The authors wrote that their analysis suggests that ctDNA testing could help guide the use of adjuvant chemo or determine if patients need to undergo a second surgery. "As the ctDNA measuring technology continues to evolve and manifest its significance, the real-time detection of minimal residual disease using ctDNA may help guide the precise administration of [adjuvant chemo], evaluation of [adjuvant chemo] efficacy, and monitoring of disease recurrence," they concluded.

While this study is not practice changing, the authors noted that there are several ongoing randomized clinical trials that could be informative in this regard, including randomized controlled trials such as the DYNAMIC/DYNAMIC-III trials in Australia, the CIRCULATE trial in France, and the US COBRA trial. "As more than half of the stage III colorectal cancer patients could be cured by surgery alone, this ctDNA-guided strategy may benefit patients by sparing them from unnecessary drug toxicity, economic burden, and even radiological exposure," the authors wrote.

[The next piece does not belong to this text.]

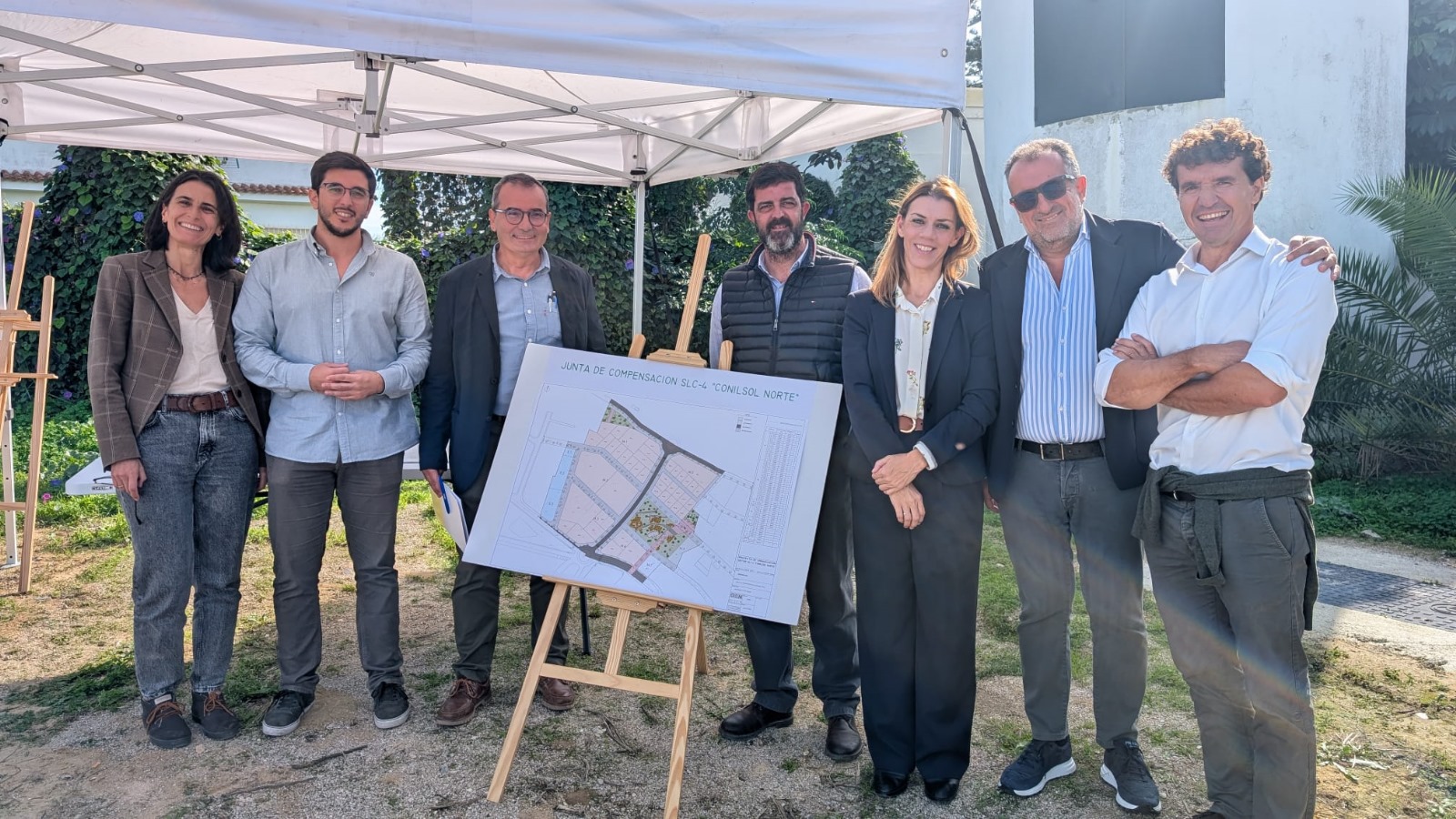 El Ayuntamiento de Conil ha asistido en el día de hoy al acto de colocación de la primera piedra y firma del Acta de Inicio para las obras de la urbanización “Conilsol Norte”. A este momento han asistido la alcaldesa de Conil, Inmaculada Sánchez; el delegado de Urbanismo y representante del Ayuntamiento en la Junta de Compensación de ConilSol Norte SLC-4, Pedro Pérez; el primer teniente de alcaldesa, Antonio Aragón, y la delegada de Hacienda, Susana Bermúdez, así como una representación de la promotora, constructora y propietarios.

The researchers also said some ctDNA NGS assays may not have a fast enough turnaround time to help clinicians decide whether a patient needs adjuvant chemo, which needs to begin no later than eight weeks after surgery.

When compared to standard methods of recurrence monitoring, ctDNA testing outperformed other screening methods like serum carcinoembryonic antigen, or CEA. In preoperative samples, CEA was elevated in only 39 percent of patients. By comparison, ctDNA was detected in 64 percent of preoperative plasma samples. The researchers were also able to detect recurrence about five months earlier by ctDNA than by imaging, while screening via CEA showed no significant lead time in recurrence detection.